Facebook to invest £3m in targeting spam ads in the UK as Martin Lewis drops lawsuit
Facebook has said it will invest £3m into targeting fraudulent adverts on its UK platform, after reaching a settlement with Money Saving Expert founder Martin Lewis.
Lewis first launched proceedings against Facebook last year over a series of ads appearing on the website which claimed he had backed several investment schemes. Those schemes later turned out to be fake, and Lewis sued Facebook for reputational damage.
He said he had dropped the lawsuit after working with Facebook to devise new ways of combatting scammers on the platform.
Facebook said it will donate £3m to Citizens Advice as part of the settlement, which has promised to provide support to scam victims and increase public awareness. The funds will be used to create the Citizens Advice Scam Actions (Casa) project, due to be launched in May this year.
Facebook intends to debut a scam ads reporting tool on its UK website around the same time, enabling users to flag ads that they believe to be fraudulent or in violation of Facebook’s ad policies. An internal team will be set up to monitor and enforce these reports.
“We know zero tolerance doesn’t mean zero occurrence,” Facebook’s northern Europe director Steve Hatch told reporters this morning.
“This is an area we’ve been focused on for a long time… We’ve invested heavily in [our reporting] systems, they’re improving but they’re not perfect.”
Lewis put out a plea to other advertising platforms, namely Google and Yahoo, and policymakers and regulators to work with him and Citizens Advice on the matter.
He added that the £3m donation was “far and above anything I could have won in court”, predicting his final damages would have been closer to between £50,000 and £100,000. However said he would not rule out another lawsuit in the future “if things do not improve”.

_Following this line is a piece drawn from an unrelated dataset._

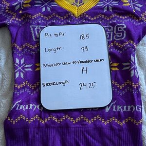 Minnesota Vikings Ugly Christmas Sweater by NFL Shop in Purple, Gold and Grey. V-neck. Long sleeves. RIbbed trim. Power box attached inside sweater. Gently worn with no visible flaws. Worn once. Measurements in photos.

A Google spokesperson later said: “Because we want the ads people see on Google to be useful and relevant, we take immediate action to prevent fake and inappropriate ads. We have a tool where anyone can report these ads and these complaints are reviewed manually by our team.”
The firm added that Google had removed 3.2bn ads in 2017, and that the tech giant updates its policy as new threats emerge.
Facebook said it disabled 754m fake accounts in the third quarter of 2018, rising from 583m in the previous quarter. Of the £3m donated to Citizens Advice, £2.5m will be paid out in cash over the next two years and £500,000 will be awarded in advertising credit to spread awareness of the campaign.